→ **Task to carry out**: From the records below, please print only the lines from the one containing "The certificate above" through the one containing "7. Disconnect the", both included. Skip the pictures.

→ **Supplied material**:
○ ○ ○ ○ ○

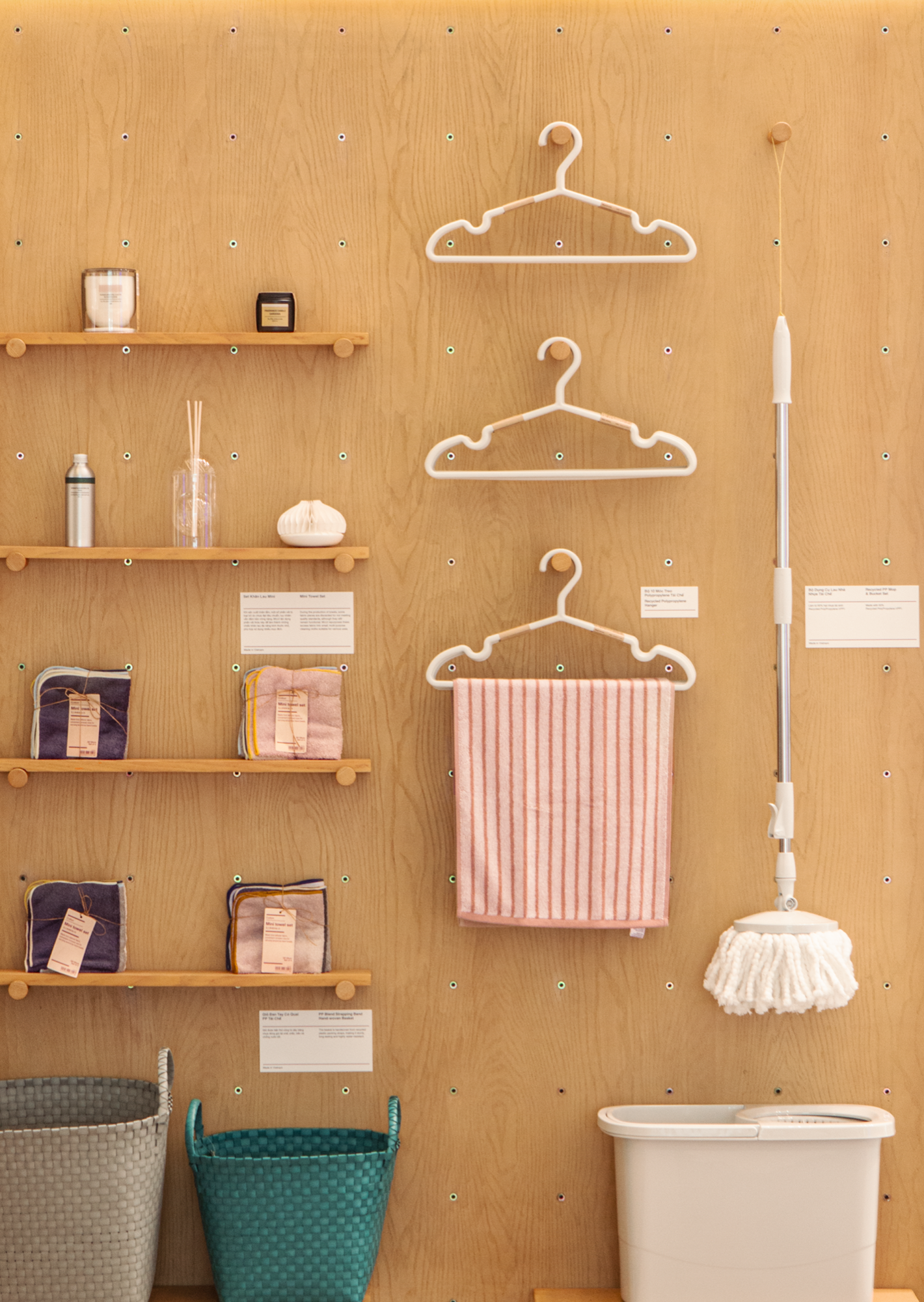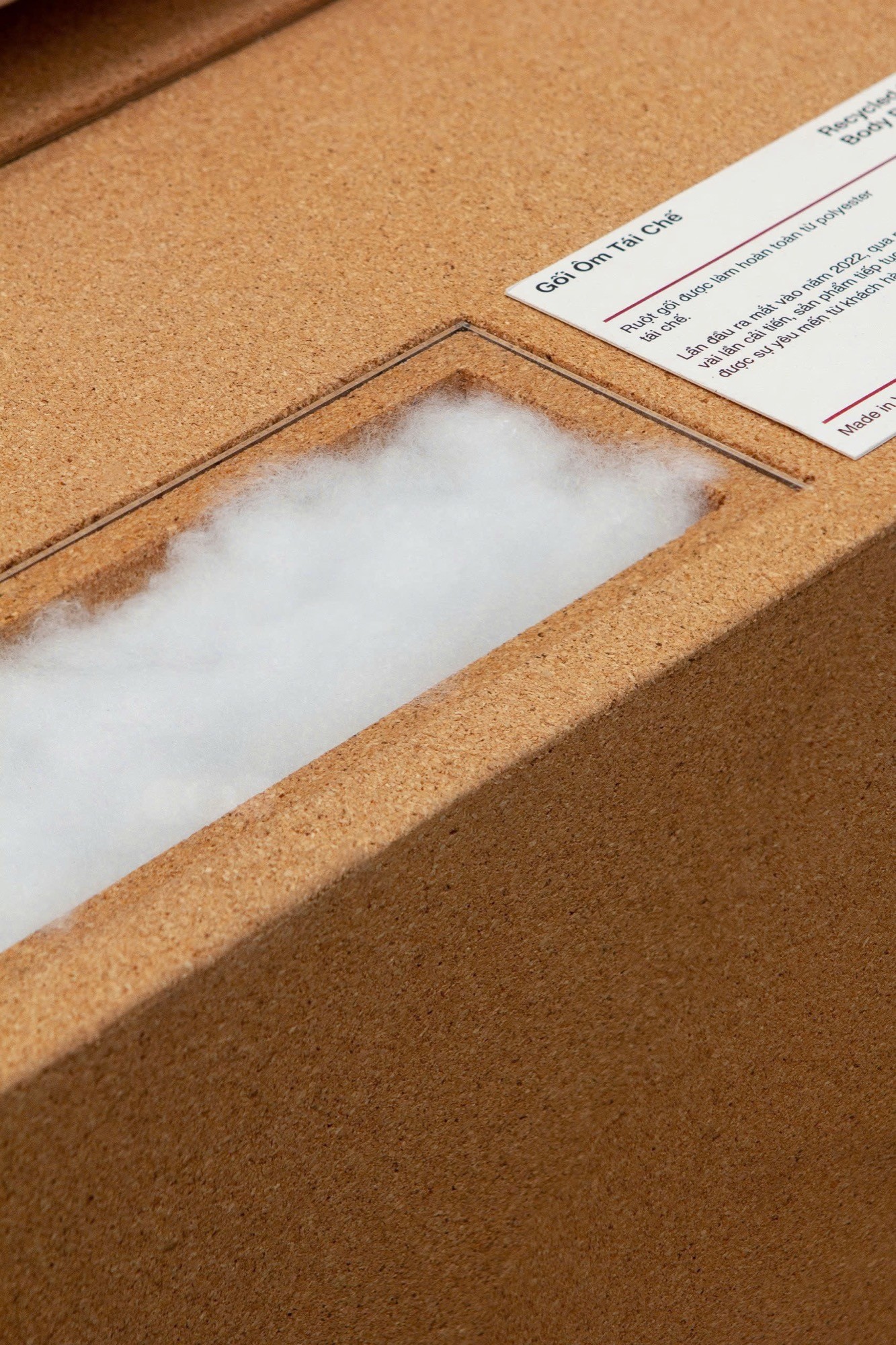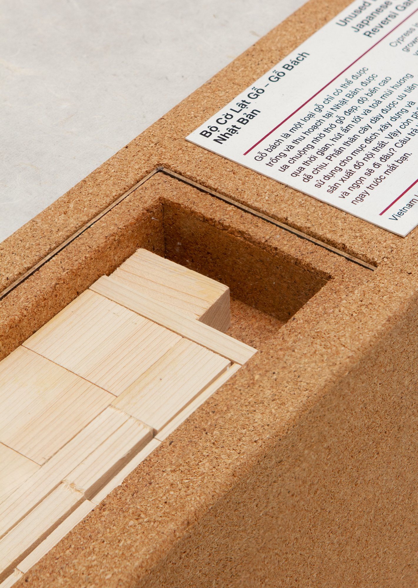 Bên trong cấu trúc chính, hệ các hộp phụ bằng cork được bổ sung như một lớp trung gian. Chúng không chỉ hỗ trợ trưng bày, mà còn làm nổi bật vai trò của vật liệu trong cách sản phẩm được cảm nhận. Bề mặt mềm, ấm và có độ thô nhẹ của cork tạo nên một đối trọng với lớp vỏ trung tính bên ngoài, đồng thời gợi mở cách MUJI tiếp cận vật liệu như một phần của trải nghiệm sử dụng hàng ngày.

○ ○ ○ ○ ○

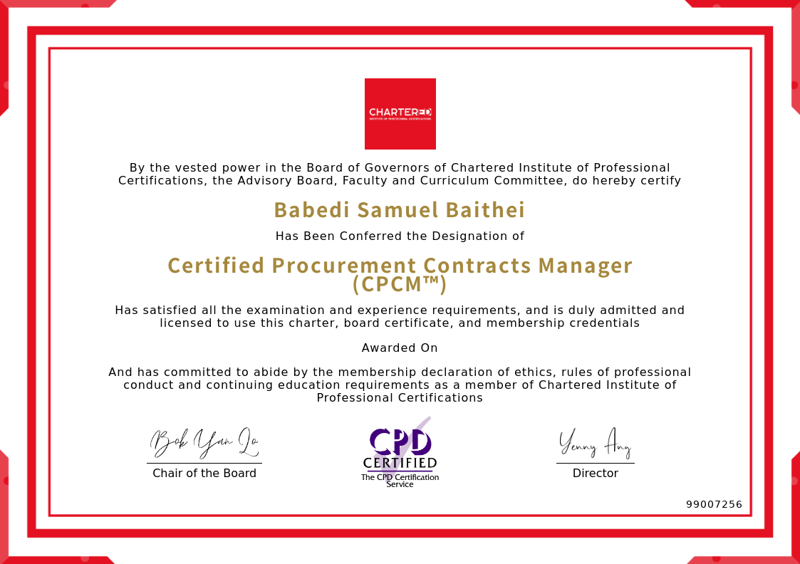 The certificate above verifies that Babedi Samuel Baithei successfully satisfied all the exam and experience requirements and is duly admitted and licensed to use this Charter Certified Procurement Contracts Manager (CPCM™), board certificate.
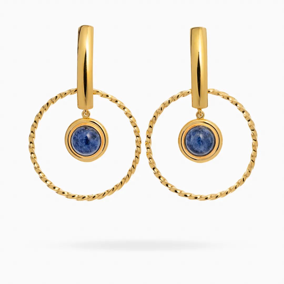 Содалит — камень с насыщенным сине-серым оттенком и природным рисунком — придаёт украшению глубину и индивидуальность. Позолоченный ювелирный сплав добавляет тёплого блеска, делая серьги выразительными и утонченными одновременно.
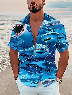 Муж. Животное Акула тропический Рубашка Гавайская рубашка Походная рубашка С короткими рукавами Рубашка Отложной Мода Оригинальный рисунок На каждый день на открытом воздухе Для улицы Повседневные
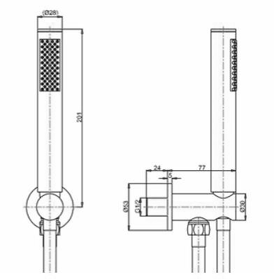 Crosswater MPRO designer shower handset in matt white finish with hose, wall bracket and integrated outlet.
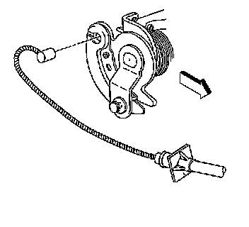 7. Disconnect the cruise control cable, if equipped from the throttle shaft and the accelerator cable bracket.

○ ○ ○ ○ ○

→ **Solution to this task**:
 The certificate above verifies that Babedi Samuel Baithei successfully satisfied all the exam and experience requirements and is duly admitted and licensed to use this Charter Certified Procurement Contracts Manager (CPCM™), board certificate.
 Содалит — камень с насыщенным сине-серым оттенком и природным рисунком — придаёт украшению глубину и индивидуальность. Позолоченный ювелирный сплав добавляет тёплого блеска, делая серьги выразительными и утонченными одновременно.
 Муж. Животное Акула тропический Рубашка Гавайская рубашка Походная рубашка С короткими рукавами Рубашка Отложной Мода Оригинальный рисунок На каждый день на открытом воздухе Для улицы Повседневные
 Crosswater MPRO designer shower handset in matt white finish with hose, wall bracket and integrated outlet.
 7. Disconnect the cruise control cable, if equipped from the throttle shaft and the accelerator cable bracket.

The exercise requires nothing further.